12 Negative Test Cases
Text Using Apostrophes
There will be various text fields in the application where developers allow the input of plain text. It is good practice to check those fields accept text that contains an apostrophe, often called a single quote mark, which denotes possessive form and to indicate an omission. For example: Let’s learn something from TestLodge blog or Chris D’Mello.
Data Validation Error Messages
It should be clear on a functional specification document which fields are mandatory to be filled. It is good practice to test the specified fields by supplying invalid data to validate the error messages and specify to the end-user that they need to enter valid data to proceed further.
Field Data Type Validation
There are various fields applications which require the input of specific types of data, such as zip code, cell phone number, date, and time. It is a good practice to provide invalid input to validate the correct error messages to force the end-user to supply the correct inputs.
Field Size Validation
In any application, some of the text fields should not exceed a specified limit. Often, developers omit to make the character limit for end-user, so it is the responsibility of the tester to validate these fields, which will be listed in the functional specification document. It is recommended that the user should not be able to enter more characters than the specified limit, rather than being shown an error message.
Boundary Value Validation
There are certain fields found in financial applications that can have a critical impact if they are not tested properly. One such example is the accrual of interest rates on a product where the field should not take a negative value or a value outside the range. It is good practice to try entering both negative and positive values that are outside the specified range, to make sure the user is notified of the fail.
Date Bound Validation
It is a tester’s responsibility to validate fields that store dates in the database. For example, a restriction or a validation message should be in place if the user tries to input a future date mistakenly.
Date fields are important in any application. Testers should validate the date format by providing invalid input to check whether the error message is in place or not.
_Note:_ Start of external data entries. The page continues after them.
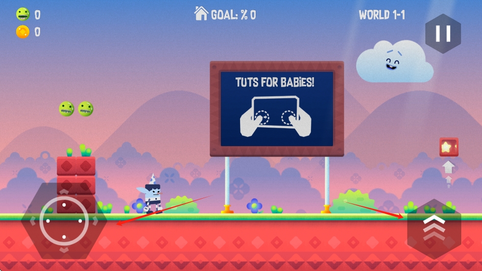 2、进入关卡1-1,用左侧摇杆控制移动,右侧按键跳跃,躲避绿色敌人,按场景推进,留意提示,顺利到达终点。
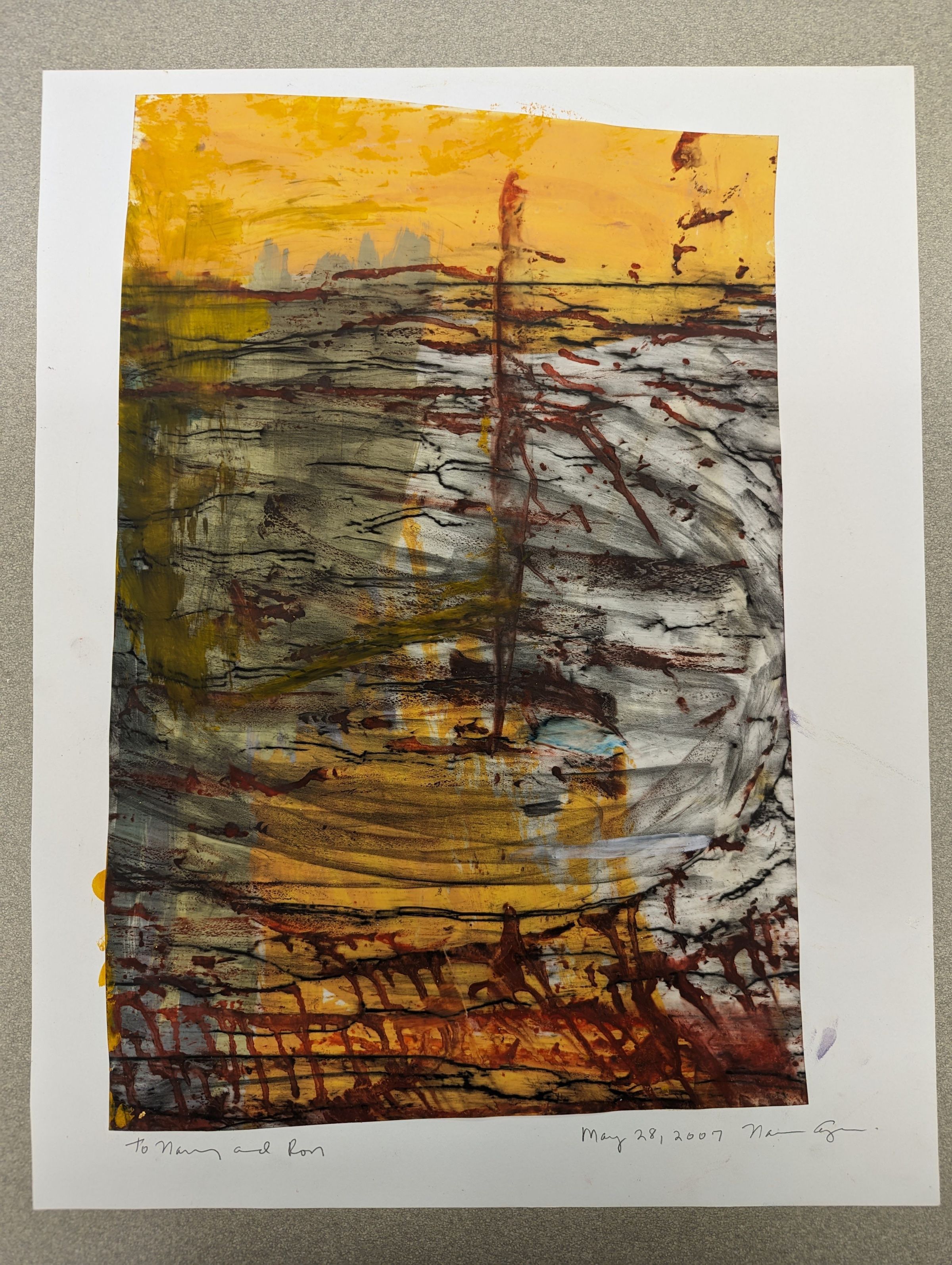 A medium vertically oriented print of an unevenly cut page that is glued to the larger page behind it. It depicts a swirling mix of colors; the orange and yellow background is covered over in arcing grays and ochre, and then increasingly heavy rotating splatters of red pigment.Context
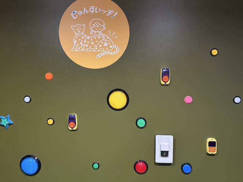 日常の中でよく目にするいろんなボタンを実際に押して体験できるエリアで、
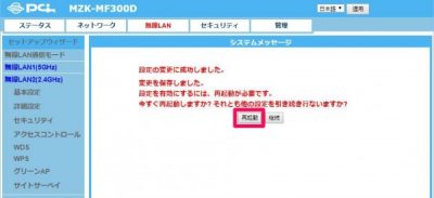 設定の変更に成功
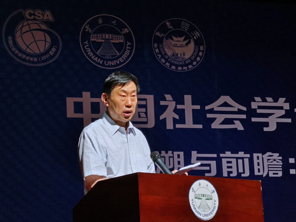 全国人大常委、中国社会学会学术委员会主任李培林研究员讲话。他首先对云南大学为此次年会付出的辛勤工作表示感谢,对与会专家学者表示热烈欢迎。他回顾了新中国成立70年来在人民生活水平、工业化与城镇化、人口结构与人口素质、反贫困、社会保障体系等方面取得的举世瞩目成就。他对中国社会正在发生的深刻转型进行了系统而精辟的总结并指出,中国社会在发展动力与发展资源环境、经济发展面临的困境、劳动力供求关系、贫富差距、老龄化等方面仍存在很大困难。李培林最后说,国家综合实力的提升与人民生活水平的持续快速提高才是国家发展的硬道理,是国家制度优越性的根本体现,是决定民心向背的关键所在,他呼吁广大同仁更加深入地进行社会调查和科学研究,为中国社会建设贡献新的力量。
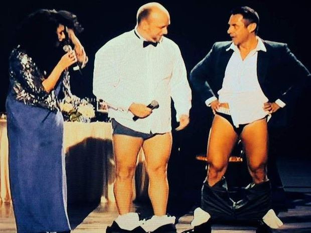 Ну так Потап походу "голубя мира" на сцене и выпускал - раз штаны снял. :)
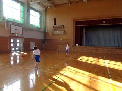 今日は一人一人順番に飛ばしていきました。遠くまで飛んでいってしまう子、くるりと回転している子、ぽとりと墜落してしまう子・・・といろいろでしたが、とても楽しく飛ばしている子供たちでした。
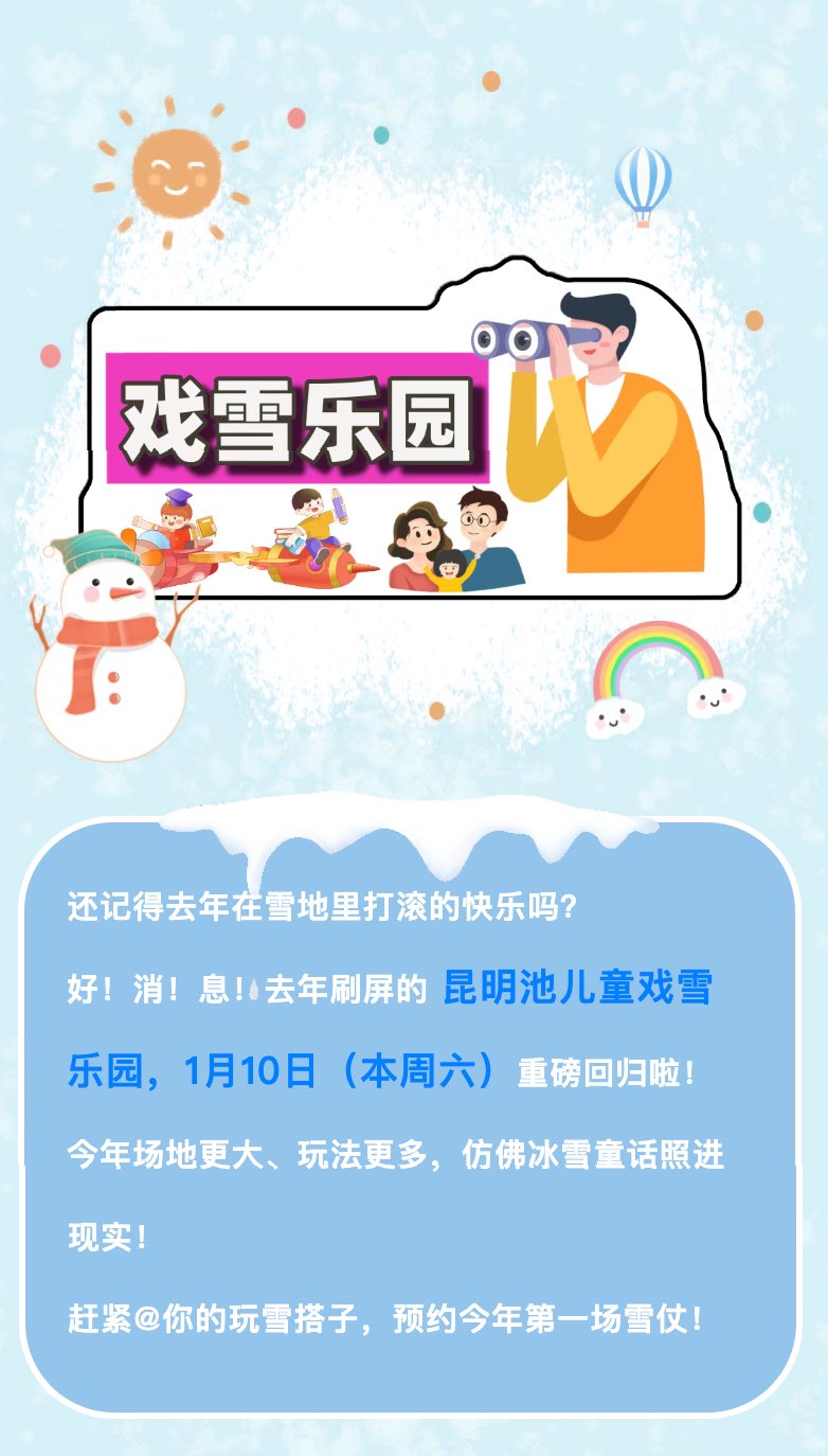 昆明池儿童戏雪乐园1月10日惊喜回归~29元起早...
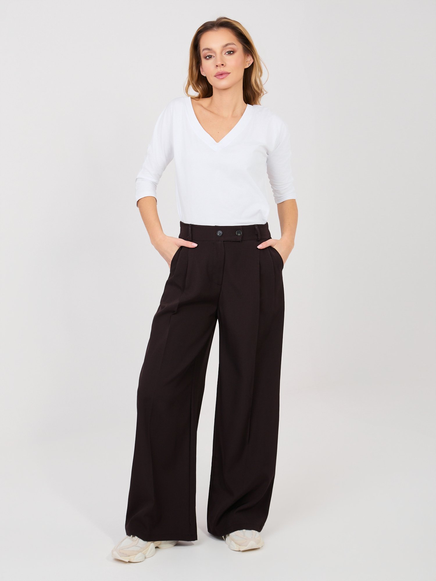 Modelis dėvi VIENO DYDŽIO (one size) laisvalaikio kelnes.

For example, 1.09.2019 is an invalid format, so an error message should be in place to guide the user to provide a date in a valid format. We also know that a date such as 30th February does not exist, so testers should verify with erroneous dates as well as leap years.
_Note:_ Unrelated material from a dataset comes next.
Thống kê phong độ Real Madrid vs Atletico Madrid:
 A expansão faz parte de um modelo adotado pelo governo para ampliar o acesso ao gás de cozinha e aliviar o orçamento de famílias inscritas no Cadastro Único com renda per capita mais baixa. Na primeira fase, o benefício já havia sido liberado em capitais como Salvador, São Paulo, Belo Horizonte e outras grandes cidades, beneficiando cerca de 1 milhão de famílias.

Unicode/Special Characters Validation
Some global applications accept Unicode/Special characters in their fields. For example, if the user logs-in to the application using Facebook and their name contains Unicode or special characters, then there is a chance that the name won’t appear accurately. A tester needs to verify such scenarios to provide a smooth user experience.
Similar to the above scenario, there will be situations when users from other cultures can join your application, and their language scripts will be different. For example, a user could sign-in to your application via Facebook, and their name will appear in the Mandarin script. A tester should try using scripts from a range of different countries to test the specific functionality of the application.
Web Session Validation
Whenever a user is logged in to the application, the app authenticates and maintains the session of that particular user. To validate the app’s behavior in a negative situation, a tester should try to open a page or any form and copy the respective URL and paste it into another browser. If the authentication is not in place, then the user will be able to gain unauthorized access, but with proper authentication, whatever the URL is, the user should be navigated to the login page.
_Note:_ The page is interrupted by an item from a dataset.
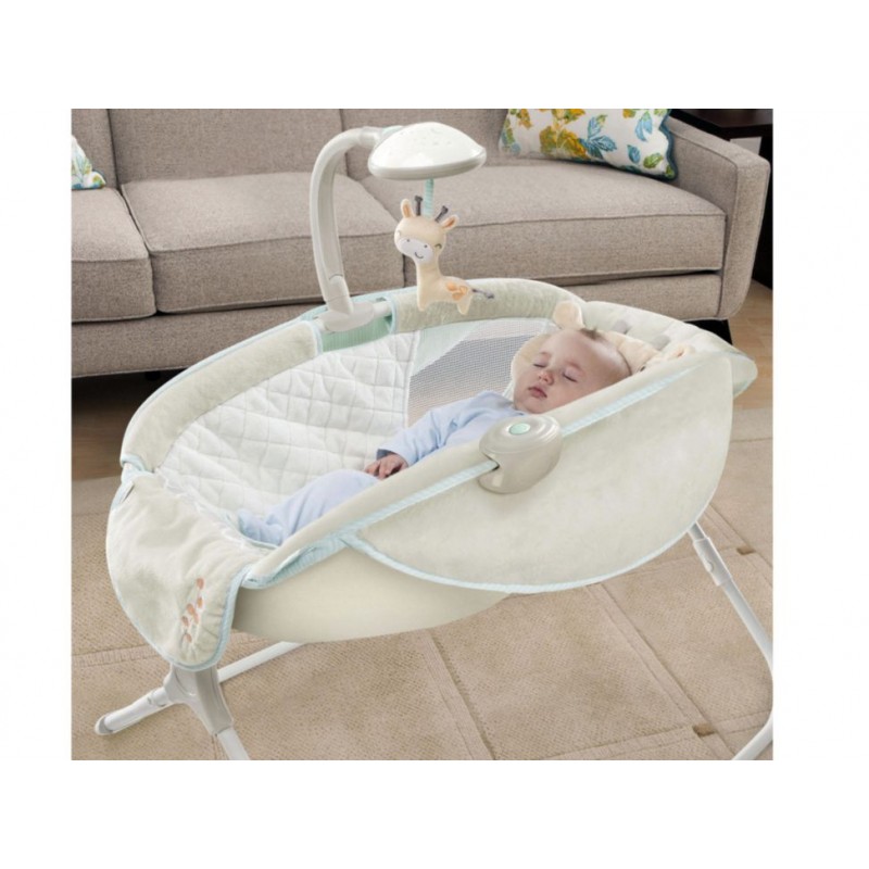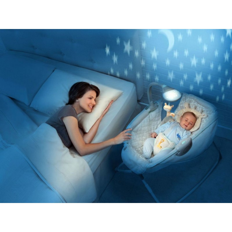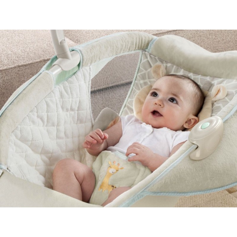 Otra InformaciónProtector removible y 2 posiciones de reclinamiento unidad de vibración removible, marco ligero para fácil transportación y almacenaje, arnés de 3 puntos de seguridad. Proyector Soothing Star Shine que incluye 2 juguetes de peluche, 5 melodías y 3 sonidos de la naturaleza, control de volumen. Soporte hasta 9 kg (Hasta que el bebé comience a apoyarse con manos y/o pies para levantarse)

Consider a scenario where the application has predefined pricing for a list of items, and that particular field is disabled so no one can change it. As a tester, your approach should be to inspect the particular element from the browser’s developer tools to try to enable the field by manually entering any value before proceeding with the process to complete the transaction. If the transaction takes place with the value you have entered manually, it is a huge defect. Otherwise, if the transaction proceeded with the actual value, then you are good to go. An easy way to check whether you are successful with manually entering the value through elements is to check the database where you can validate the value being processed.
Roles Authentication Validation
Often in applications, there are various roles such as Admin, HR, Finance, or Employee, which all have restricted access according to their defined modules. To validate the authentication of each role, a tester should try to login with one role at a time, copy the URL and paste it into another browser to see whether they are accessible with or without login. Another thing a tester can do is to try to copy and paste the individual role’s URL into another session’s browser. For example, when logging into the HR module, copy the URL, and later replace it with the URL of Employee’s module to see if the roles switch in that way.
Negative test cases are the real life-savers in any testing activity. They are destructive in nature but help us by preventing unwelcome situations in the production environment. It is the responsibility of a tester to design negative test cases that keep in mind the scenarios mentioned above, which will ultimately provide effectiveness at all levels.